Another docking experiment was conducted with the same constraints as those presented in Fig. 5B using a homology model lacking the disulfide bridge and, thus, without the closed loops. Compound Ac-3 was docked into the receptor using automated docking, with two receptor-ligand constraints (C Ile¹¹⁶ was restrained to <5 Å from the center of the indole ring of Trp⁵ (C2); Asp²⁸² was constrained to form a H-bond with the side chain of Arg⁶ (modeled into the extracellular loop 3 that immediately precedes helix 7)). A very consistent result was obtained for five docking iterations. The Arg⁶ side chain was within 5 Å of Val²⁸⁶, Cys²⁸⁵, Asp²⁸² (constrained), Thr²⁶¹, Gln²⁵⁹, Gly²⁶², and Tyr²⁵⁸. The Trp⁵ side chain lies within 6 Å of Leu¹¹⁷, Ile¹¹⁶, Pro¹¹³, Val²⁸⁶, Ala²⁸⁹, Cys²⁸⁵, and Tyr²⁵⁸. The remaining interactions were within6Åofthe D-Cha side chain (Arg¹⁹⁷, Glu¹⁹⁹ (constrained), Arg²⁰⁶, and Pro¹¹³). The Ac-Phe side chain is in the same position discussed above, between helices 6 and 7 of the receptor, in the vicinity of Ile²⁶³ (helix 6) and Leu²⁰⁷ and Phe²¹¹ (helix 7).

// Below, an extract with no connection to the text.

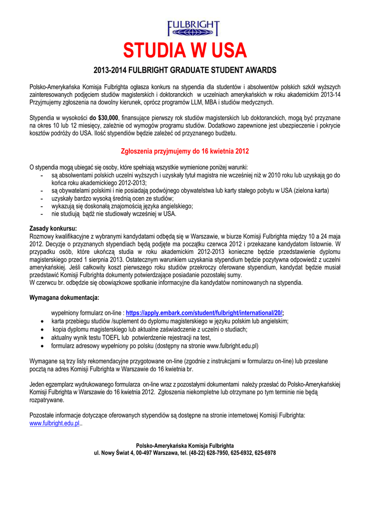 STUDIA W USA 2013-2014 FULBRIGHT GRADUATE STUDENT AWARDS Polsko-Amerykańska Komisja Fulbrighta ogłasza konkurs na stypendia dla studentów i absolwentów polskich szkół wyższych zainteresowanych podjęciem studiów magisterskich i doktoranckich w uczelniach amerykańskich w roku akademickim 2013-14 Przyjmujemy zgłoszenia na dowolny kierunek, oprócz programów LLM, MBA i studiów medycznych. Stypendia w wysokości do $30,000, finansujące pierwszy rok studiów magisterskich lub doktoranckich, mogą być przyznane na okres 10 lub 12 miesięcy, zależnie od wymogów programu studiów. Dodatkowo zapewnione jest ubezpieczenie i pokrycie kosztów podróży do USA. Ilość stypendiów będzie zależeć od przyznanego budżetu. Zgłoszenia przyjmujemy do 16 kwietnia 2012 O stypendia mogą ubiegać się osoby, które spełniają wszystkie wymienione poniżej warunki: - są absolwentami polskich uczelni wyższych i uzyskały tytuł magistra nie wcześniej niż w 2010 roku lub uzyskają go do końca roku akademickiego 2012-2013; - są obywatelami polskimi i nie posiadają podwójnego obywatelstwa lub karty stałego pobytu w USA (zielona karta) - uzyskały bardzo wysoką średnią ocen ze studiów; - wykazują się doskonałą znajomością języka angielskiego; - nie studiują bądź nie studiowały wcześniej w USA. Zasady konkursu: Rozmowy kwalifikacyjne z wybranymi kandydatami odbędą się w Warszawie, w biurze Komisji Fulbrighta między 10 a 24 maja 2012. Decyzje o przyznanych stypendiach będą podjęte ma początku czerwca 2012 i przekazane kandydatom listownie. W przypadku osób, które ukończą studia w roku akademickim 2012-2013 konieczne będzie przedstawienie dyplomu magisterskiego przed 1 sierpnia 2013. Ostatecznym warunkiem uzyskania stypendium będzie pozytywna odpowiedź z uczelni amerykańskiej. Jeśli całkowity koszt pierwszego roku studiów przekroczy oferowane stypendium, kandydat będzie musiał przedstawić Komisji Fulbrighta dokumenty potwierdzające posiadanie pozostałej sumy. W czerwcu br. odbędzie się obowiązkowe spotkanie informacyjne dla kandydatów nominowanych na stypendia. Wymagana dokumentacja: wypełniony formularz on-line : https://apply.embark.com/student/fulbright/international/20/; karta przebiegu studiów /suplement do dyplomu magisterskiego w języku polskim lub angielskim; kopia dyplomu magisterskiego lub aktualne zaświadczenie z uczelni o studiach; aktualny wynik testu TOEFL lub potwierdzenie rejestracji na test, formularz adresowy wypełniony po polsku (dostępny na stronie www.fulbright.edu.pl) Wymagane są trzy listy rekomendacyjne przygotowane on-line (zgodnie z instrukcjami w formularzu on-line) lub przesłane pocztą na adres Komisji Fulbrighta w Warszawie do 16 kwietnia br. Jeden egzemplarz wydrukowanego formularza on-line wraz z pozostałymi dokumentami należy przesłać do Polsko-Amerykańskiej Komisji Fulbrighta w Warszawie do 16 kwietnia 2012. Zgłoszenia niekompletne lub otrzymane po tym terminie nie będą rozpatrywane. Pozostałe informacje dotyczące oferowanych stypendiów są dostępne na stronie internetowej Komisji Fulbrighta: www.fulbright.edu.pl.. Polsko-Amerykańska Komisja Fulbrighta ul. Nowy Świat 4, 00-497 Warszawa, tel. (48-22) 628-7950, 625-6932, 625-6978
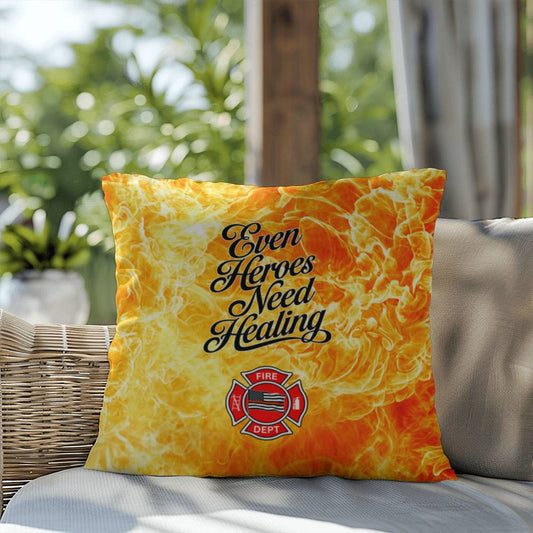 Firefighter Support Custom Indoor/Outdoor Pillow - Even Heros Need Healing, Firefighter Mental Wellness

Fig. 5C involves the alternative homology model of C5aR created without a Cys¹⁸⁸–Cys¹⁰⁹ disulfide bond, leaving the loops open. In these separate experiments Ac-3 was docked into this open model of C5aR, the Arg⁶ side chain and Glu¹⁹⁹ side chain being tethered with a salt bridge (hydrogen bond constraints) and the Trp⁵ side chain tethered to Ile¹¹⁶ as above. Receptor residues within 5 Å of Arg⁶ were Arg¹⁹⁷, Glu¹⁹⁹ (constrained), Arg²⁰¹, Val¹⁷⁷, Leu¹⁷³, Pro¹⁷⁰, Ser¹¹⁰. Trp⁵ was within 6 Å of receptor residues Pro¹¹³, Ile¹¹⁶, Leu¹¹⁷, Val²⁸⁶, and Tyr²⁵⁸. D-Cha⁴ was within 6 Å of Val²⁸⁶, Tyr²⁵⁸, Asp²⁸², Cys²⁸⁵, Thr²⁶¹, and Gly²⁶². Essentially the latter interactions are the reverse of that seen in the first two models (i.e. Arg⁶ interacts where D-Cha was positioned).

	DISCUSSION

TOP ABSTRACT INTRODUCTION EXPERIMENTAL PROCEDURES RESULTS DISCUSSION REFERENCES

 
Ile¹¹⁶/Val²⁸⁶—The side chains of C5aR residues Ile¹¹⁶ and Val²⁸⁶ in the 3rd and 7th transmembrane helices, respectively, have been proposed to form part of an activation switch for C5aR (1). We have examined this proposal in detail using linear and cyclic peptide antagonists as probes to determine whether this is a general target for C5aR antagonists. The data presented in this paper contrast strikingly with the effects of I116A and V286A mutations in the human C5aR expressed in yeast, where both of these mutations caused complete loss of C5a receptor activity (1). The mutation of such "putative activation switch residues" had the general effect herein of increasing receptor affinity for C5aR ligands. In contrast, the EC₅₀ for I116A-C5aR activation by C5a was increased 3-fold relative to WT-C5aR. Therefore, although I116A-C5aR has a higher affinity for agonists, the mutation decreases the efficiency of receptor activation by C5a, C5a des-Arg⁷⁴, and agonist peptide 1.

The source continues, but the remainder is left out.